Logging Railroads of Alabama
Garrison, EllenLogging Railroads of Alabama. By Thomas Lawson Jr. Birmingham: Cabbage Stack Publishing, 1996. xviii, 277 pp. $59.95.
Thomas Lawson describes Logging Railroads oJ`Alabama as "a large textbook wherein all of the basic facts about the timber railroads that were once in the state are outlined in their simplest terms: who, what, when, where and how" (p. iii), but his description sells the work short. He has in fact penned a readable, well-organized introduction to the Alabama lumber industry from the 1880s through the 1950s and a significant chronicle of the region in which the industry flourished, as well as a history of the railroads themselves. This volume, the product of Lawson's "40-year fascination with logging railroads and their geared steam locomotives" (p. iii), provides useful information for scholars in a variety of disciplines and lays the foundation for in-depth studies of particular companies or communities by other researchers. Lawson organizes his voluminous data into sixteen chapters based on a geographic region or the road to which local lines connected.

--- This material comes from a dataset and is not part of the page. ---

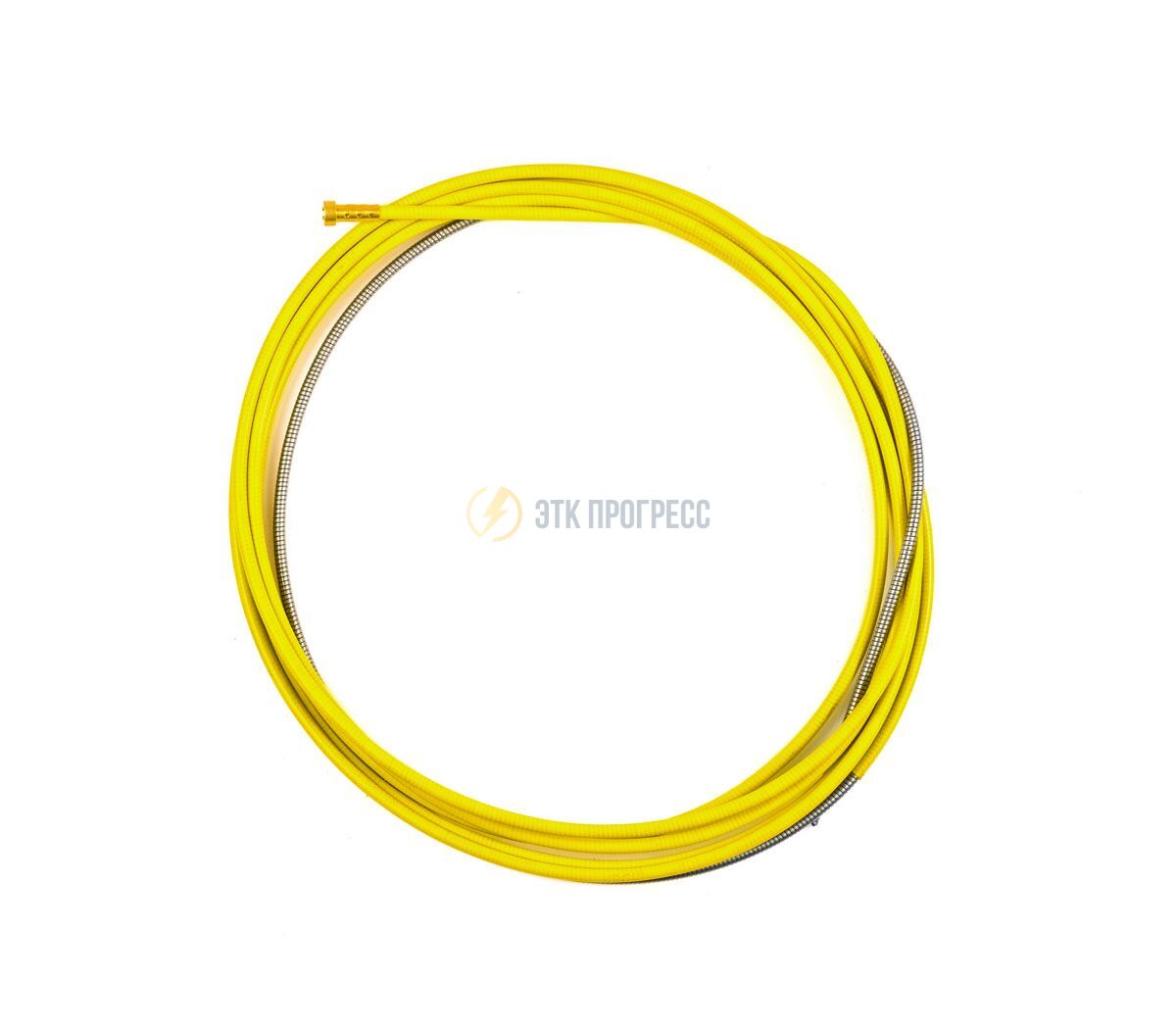 Канал направляющий (1,2–1,6) 4,4 м желтый необходим в сварке типов MIG\MAG для подачи сварочной проволоки к соплу сварного пистолета. Подача происходит непосредственно от инвертора или от выносного элемента, подающего проволоку. Фиксация концов канала осуществляется в горелке и в инверторе.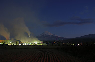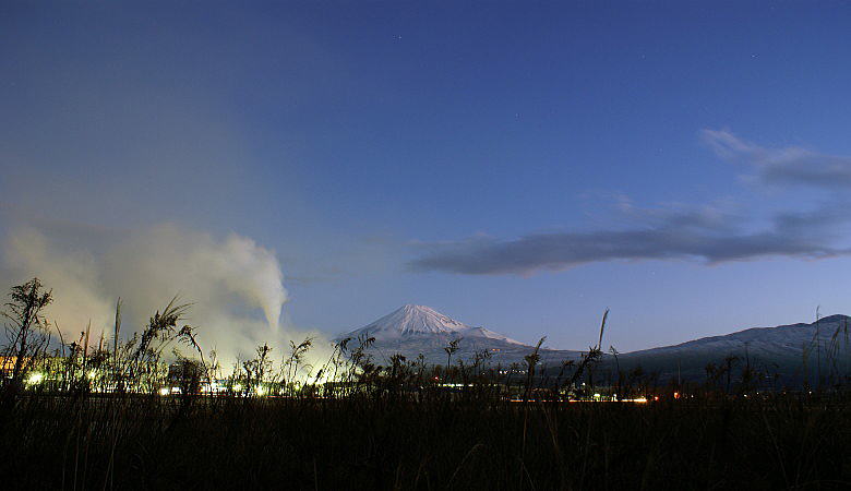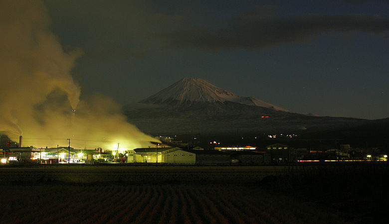 当初、真っ白な富士山をバックに工場の排煙を撮ってみました。

Each chapter begins with a definition of the area covered and an overview of logging and railroads in that area, then breaks up into narrative sketches of each company that operated within the area. Engagingly written, these sketches are not only replete with details about the company's equipment and routes but also convey a feel for the company and its engines, one of which, for example, Lawson describes as "dapper" (p. 2).
An alphabetical index of company names includes information on the location of firms, their track gauges, and the number of their locomotives and also cites the pages on which detailed coverage of each company can be found. Those interested in a specific railroad should look here first. To meet the needs of the "dedicated locomotive historian" (p. 22), Lawson furnishes a forty-three-page roster of logging locomotives, which provides details on ownership, the manufacturer and model number of each engine, the arrangement and size of cylinders, gross weight, purchase date, previous owners, and final disposition. Attractive end papers created from lumber and logging railroad letterheads and hundreds of photographs-many from private collections, including the author's own-round out this workmanlike study.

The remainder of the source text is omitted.